- _Your task_:
A picture-free, exact reproduction of the listing that follows is required.

- _Dataset content_:
▼
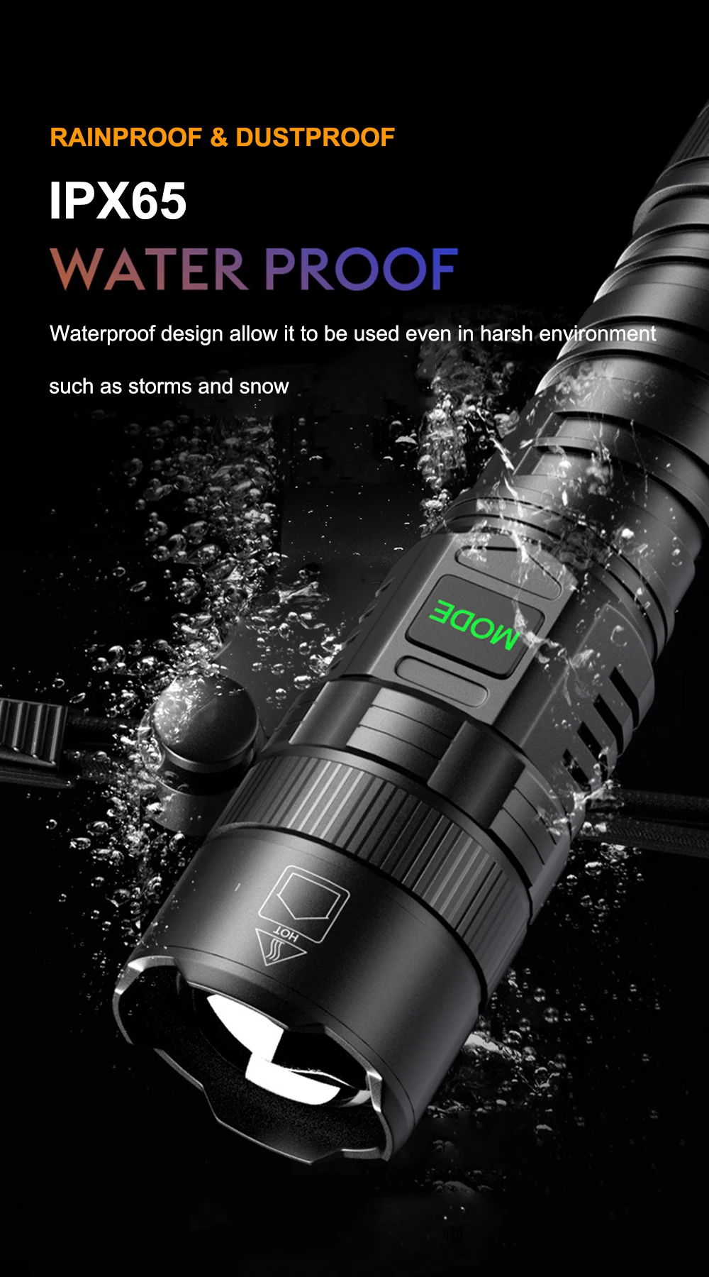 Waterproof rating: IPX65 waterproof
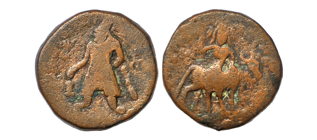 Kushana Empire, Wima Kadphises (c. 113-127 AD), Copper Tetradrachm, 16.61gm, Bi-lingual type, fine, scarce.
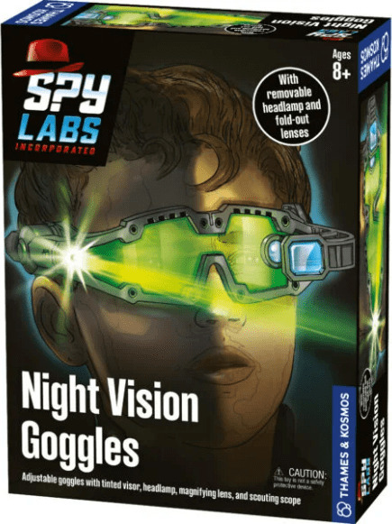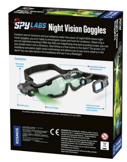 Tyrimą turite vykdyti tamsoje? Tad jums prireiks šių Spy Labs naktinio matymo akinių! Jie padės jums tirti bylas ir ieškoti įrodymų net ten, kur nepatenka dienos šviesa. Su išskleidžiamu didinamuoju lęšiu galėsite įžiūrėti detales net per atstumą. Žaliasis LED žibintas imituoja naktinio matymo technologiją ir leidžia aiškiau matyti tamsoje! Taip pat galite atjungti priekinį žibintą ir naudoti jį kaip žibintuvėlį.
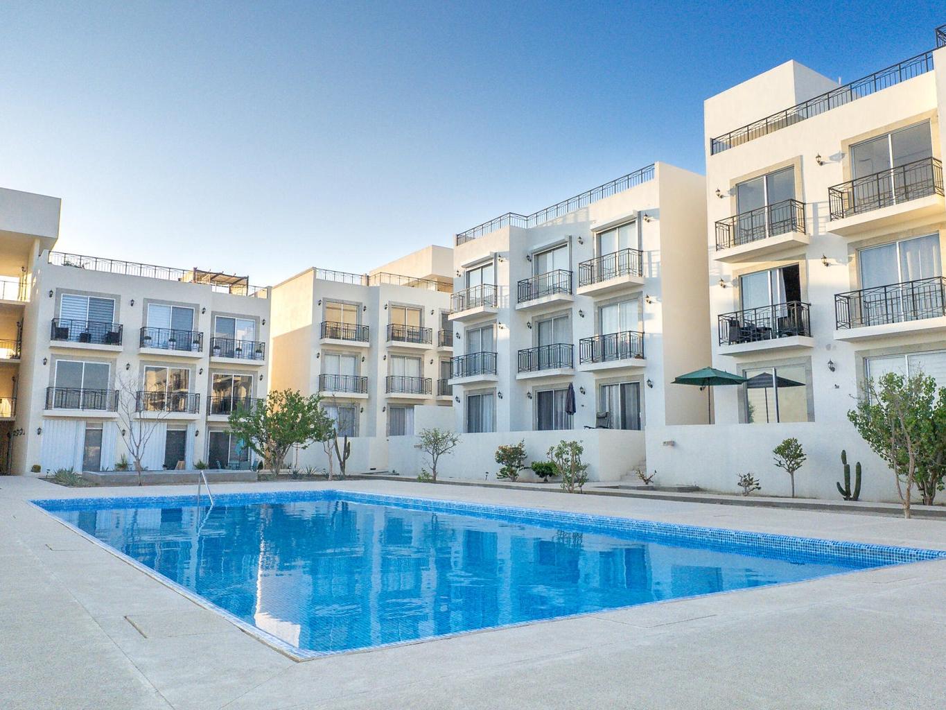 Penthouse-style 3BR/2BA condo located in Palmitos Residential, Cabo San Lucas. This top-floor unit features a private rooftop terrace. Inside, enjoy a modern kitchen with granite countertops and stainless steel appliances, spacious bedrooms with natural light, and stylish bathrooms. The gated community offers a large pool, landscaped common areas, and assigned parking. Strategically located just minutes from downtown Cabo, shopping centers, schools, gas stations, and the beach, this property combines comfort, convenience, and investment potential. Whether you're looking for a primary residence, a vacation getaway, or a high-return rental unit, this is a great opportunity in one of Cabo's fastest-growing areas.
▲
- _Result_:
 Waterproof rating: IPX65 waterproof
 Kushana Empire, Wima Kadphises (c. 113-127 AD), Copper Tetradrachm, 16.61gm, Bi-lingual type, fine, scarce.
 Tyrimą turite vykdyti tamsoje? Tad jums prireiks šių Spy Labs naktinio matymo akinių! Jie padės jums tirti bylas ir ieškoti įrodymų net ten, kur nepatenka dienos šviesa. Su išskleidžiamu didinamuoju lęšiu galėsite įžiūrėti detales net per atstumą. Žaliasis LED žibintas imituoja naktinio matymo technologiją ir leidžia aiškiau matyti tamsoje! Taip pat galite atjungti priekinį žibintą ir naudoti jį kaip žibintuvėlį.
 Penthouse-style 3BR/2BA condo located in Palmitos Residential, Cabo San Lucas. This top-floor unit features a private rooftop terrace. Inside, enjoy a modern kitchen with granite countertops and stainless steel appliances, spacious bedrooms with natural light, and stylish bathrooms. The gated community offers a large pool, landscaped common areas, and assigned parking. Strategically located just minutes from downtown Cabo, shopping centers, schools, gas stations, and the beach, this property combines comfort, convenience, and investment potential. Whether you're looking for a primary residence, a vacation getaway, or a high-return rental unit, this is a great opportunity in one of Cabo's fastest-growing areas.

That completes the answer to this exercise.